Having some crazy insomnia this morning. Not only can I not fall back to sleep, but also my mind races with every though imaginable. I’m thinking about the day ahead, the bootcamp workout I’ve got this morning, cleaning house and grocery shopping with my roommate tonight. Then I started thinking about Saturday’s agenda.
I’ve come to the striking realization that I have trouble (a lot of trouble) staying present in the moment. And I’m not just referring to mornings when I can’t sleep. I’m constantly looking for distraction from living in the moment. I live for the next workout, the next meal, the next meeting, the next weekend, or just the next time I get to go to bed. Next, next, next…
And to pass time at work I check social media. I read things that are not work-related. I plan my workout. I find focusing on the here and now to be very difficult feat. Another thing is, I can’t even watch a television show without checking my phone and looking at facebook and twitter constantly. It’s like watching TV is not “stimulating” enough of a distraction for me.
I feel like what I need to address is why I am avoiding the present moment, and why it’s so hard for me to constantly need to know the future. As I type this I remember how my anxiety-type personalities needs some sort of structure and ability to predict. It calms me to know what’s going to happen next and when. But I think there’s a fine line where this seemingly healthy “structure” can go into overdrive and ruin what is supposed to be a happy, healthy life.
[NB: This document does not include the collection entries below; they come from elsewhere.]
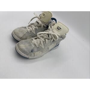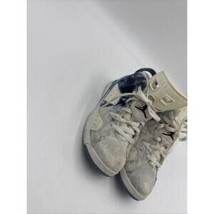The Size 1y Jordan 6 Retro Washed Denim DX6167-100 is a stylish and trendy sneaker for unisex kids. Featuring the iconic denim fabric in a bold blue color, this athletic shoe is part of the Jordan brand's Retro theme. With a retro style design and the classic Jordan 1 model, this shoe is a fashionable and comfortable choice for young sneaker enthusiasts. Perfect for adding a touch of cool to any outfit, these shoes are sure to be a hit with both kids and parents alike.
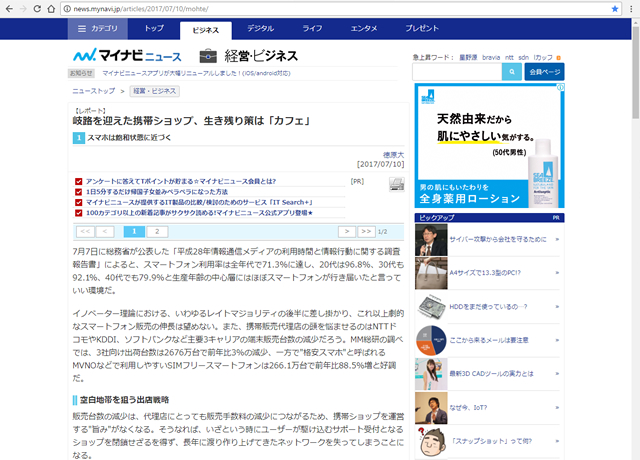 月7日に総務省が公表した「平成28年情報通信メディアの利用時間と情報行動に関する調査報告書」によると、スマートフォン利用率は全年代で71.3%に達し、20代は96.8%、30代も92.1%、40代でも79.9%と生産年齢の中心層にはほぼスマートフォンが行き届...
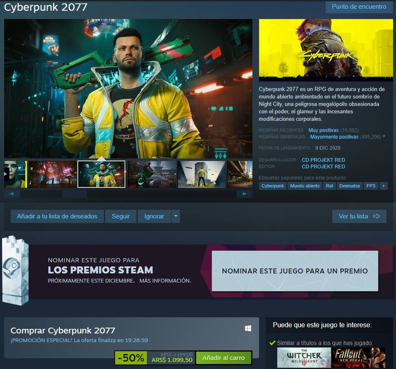 Es uno de los juegos más debatidos del año y se encuentra con un 50% de descuento. Es un juego de disparos en primera persona ubicado en un futuro distópico de alta tecnología. Se puede comprar por $ 1.100 sin contar impuestos.
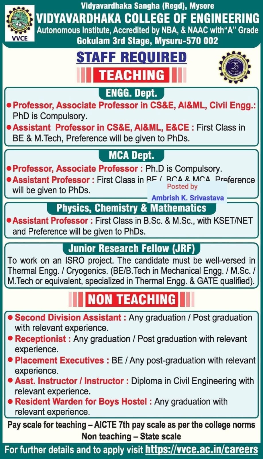 Vidyavardhaka College of Engineering Recruitment 2026 | Teaching & Non-Teaching Jobs
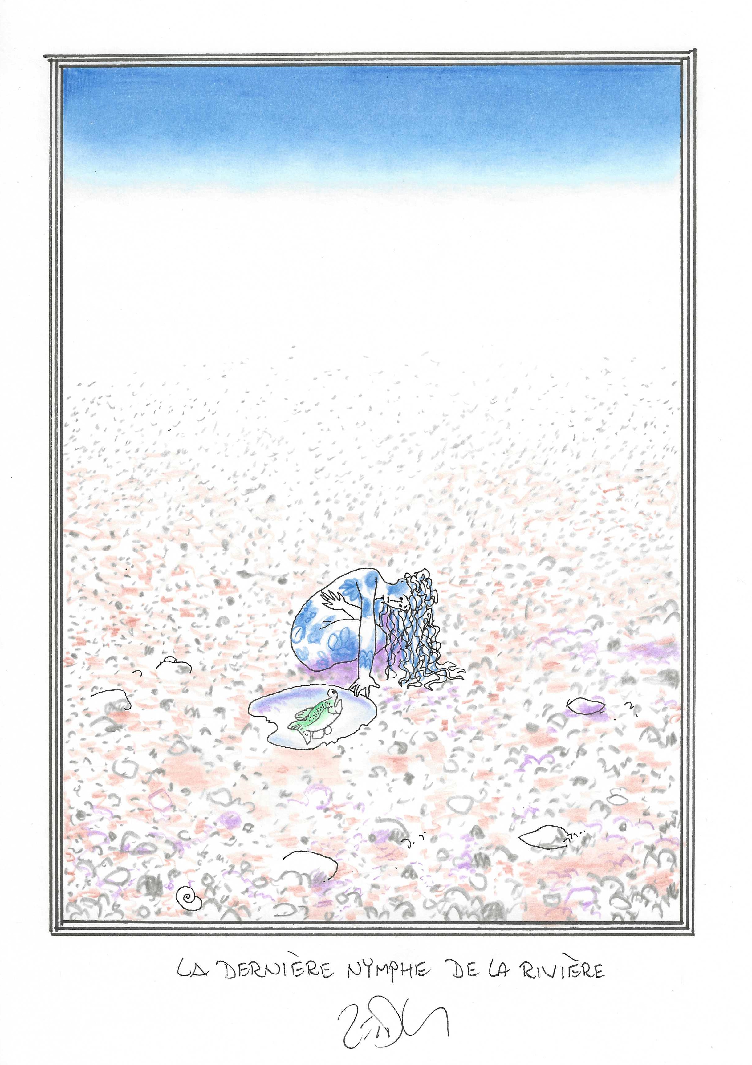 Drawing of the Day – 3042 – Dessin du jour « The last river nymph – La dernière nymphe de la rivière » Ink & colour on Paper – 8 x 12″ (21 x 30 cm) – Encre & couleurs sur Papier

I really don’t want time to pass by me. I want to pay attention to each and every day. If the past 3 months have taught me anything, it’s that I need to appreciate every day, every person, and every experience that comes my way. Life is a wonderful thing. And the best part about it is that it is my choice on how I live it. Our lives are the one thing that truly no one can change for us. We get to decide how to live. We get the full experience of every day. So why not make the most of it?